REVIEW: How Lincoln Won at the 1860 GOP Convention--and How it Paved the Way for What Followed
/The Lincoln Miracle: Inside the Republican Convention That Changed History
By Edward Achorn
Atlantic Monthly Press 512 pp.
By Jim Swearingen
Presidential timber manifests itself long before an inauguration. The procedural skirmishes that attend a party convention prepare a candidate for the slings and arrows that will come in office. While Abraham Lincoln’s wily political acumen is well-documented, less well-known are the events that made his improbable nomination for President happen.
Lincoln scholar Edward Achorn’s new book, The Lincoln Miracle, recounts the artful maneuvering that enabled a coarse, little-known, Illinois circuit court lawyer to best several nationally prominent politicians for the job that would soon witness the rupture of the Republic. For fans of political wheeling and dealing, who find brokered conventions, Electoral College forecasts, and the down-ticket impacts of state voting trends engrossing, this is a grand book documenting a milestone in the formation of the Grand Old Party. Achorn’s brisk, 400-page account is replete with all the bribery, patronage, rumors, back-stabbing, whiskey, cigars, and political calculus that went into the most consequential Presidential nomination in our history.
The 1860 convention took place in Chicago, a neutral site that leading candidate William Seward, former Governor and two-term Senator from New York, hoped would facilitate his nomination. The City of the Big Shoulders becomes a metaphor for the young party and the burgeoning North, tough and robust, enterprising and industrious. Achorn captures the teeming vitality of the city in all its “stormy, husky, brawling” power. The Lincoln campaign apparatus used their home court advantage to full effect when staging convention demonstrations, voice votes, and delegation seating arrangements to manipulate the eventual results.

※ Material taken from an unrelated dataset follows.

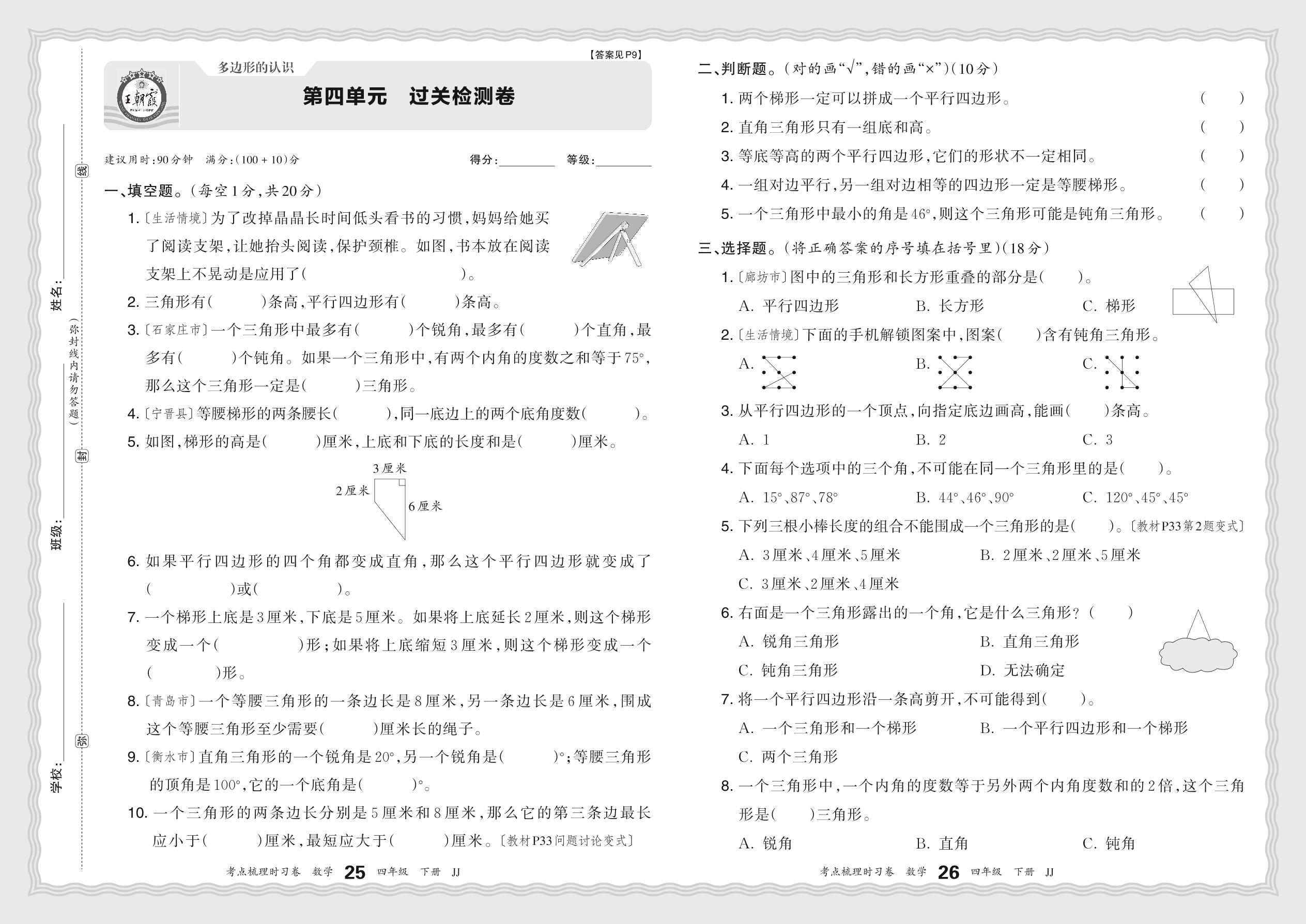 2024春下册四年级数学冀教版 第四单元 过关检测卷

Seward, who would later become Lincoln’s Secretary of State, alienated moderate Republicans with his abolitionist rhetoric. Indeed, the South thought Seward the far more radical of the two, with his blunt assessment of the “irrepressible conflict” facing a nation half-slave and half-free. Seward was also too closely tied to the corrupt New York political machine to suit the Republicans’ reformist wing, which eagerly sought to cleanse Washington of Democratic Party graft.
Early on Achorn shows Lincoln to be a canny and disciplined politician, willing to suspend grandiose moral gestures while remaining singularly focused on the one issue able to keep the fledgling Republican Party united—blocking the expansion of slavery into the western territories. In 1860, advocating the complete abolition of slavery, though unimpeachable in its intent, would have shattered the coalition that survived to accomplish that righteous goal just three years later.

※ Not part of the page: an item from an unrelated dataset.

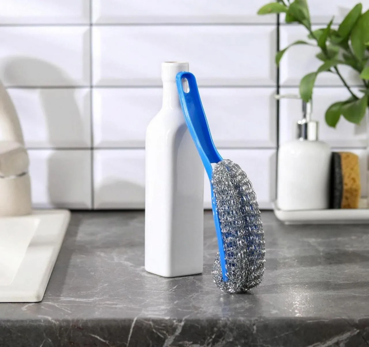 Губка для посуды металлическая с ручкой 24х5 см 1406047

Yet, whichever of these men ultimately prevailed, the “radical” Seward or the “moderate” Lincoln, the South was already itching to bolt from the Union. The scales of representation in Washington had always been skewed in the South’s favor thanks to the 3/5th’s rule embedded in the Constitution, which artificially inflated its numbers in Congress. With the looming admission of more free states, her days of disproportionate power were numbered.
With the Democratic Party badly fractured over whether to force the expansion of slavery into newly admitted Western states by fiat or to gamble its ratification through individual referendums, whoever won the Republican nomination of 1860 faced the likelihood of winning the Presidency while triggering Southern secession and civil war. Only a strongly pro-slavery President could have stopped it. Achorn’s account makes clear that the slavery problem was very much on the minds of Republican candidates and delegates, as well as their Democratic counterparts.
The book belies—as so many well-researched books of the period do—the notion that slavery was only a peripheral cause of the Civil War. Slavery remained an existential concern—its proliferation, its extension, its containment, its eradication, its immorality, its hypocrisy—one that could no longer be deferred as the country fractured and exploded like a long-smoldering volcano. Confederate apologists may continue to obfuscate the slave-power’s motivations for war, to dress plantationism in Constitutionalist finery, but Edward Achorn reminds us that in 1860, to slave or not to slave was the essential question.
With the 21st century nation again facing a fork in the Constitutional road, the old anti-democratic adversaries of proportional representation, universal legal equality, intellectual and corporal freedom, and national infrastructure are echoing their ante-bellum forebears. In 1860, the political stars aligned to elect Abraham Lincoln as President and the ultimate savior of the Republic. Let us hope Providence looks after us again in the days ahead.
Jim Swearingen is a Minneapolis-based writer.